**Your assignment**: Below is a listing. Set down exactly the lines from the one containing "Verdeeld over de" through the one containing "Iedere studio heeft", both ends included, and leave out the rest.

**Given entries**:
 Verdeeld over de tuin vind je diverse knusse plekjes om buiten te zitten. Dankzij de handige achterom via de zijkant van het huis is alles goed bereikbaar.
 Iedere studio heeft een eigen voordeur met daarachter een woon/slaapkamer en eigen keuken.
--
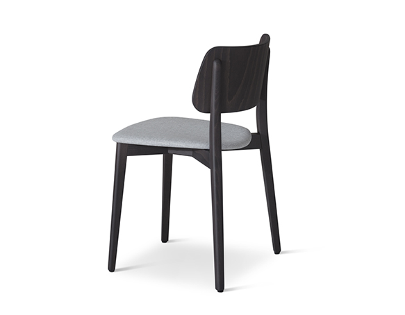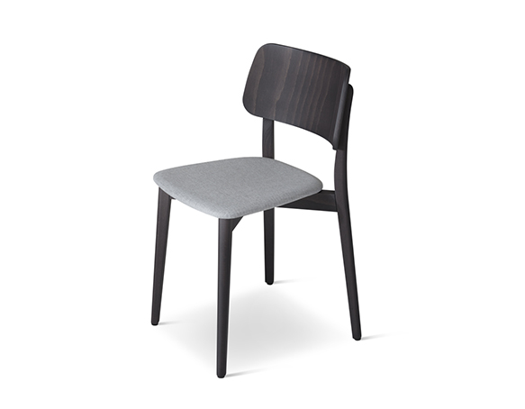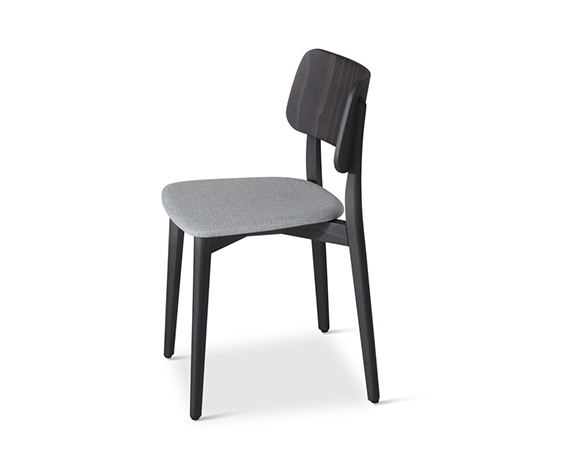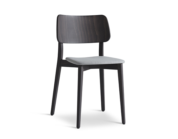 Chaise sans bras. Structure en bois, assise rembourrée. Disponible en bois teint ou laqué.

**Exercise answer**:
 Verdeeld over de tuin vind je diverse knusse plekjes om buiten te zitten. Dankzij de handige achterom via de zijkant van het huis is alles goed bereikbaar.
 Iedere studio heeft een eigen voordeur met daarachter een woon/slaapkamer en eigen keuken.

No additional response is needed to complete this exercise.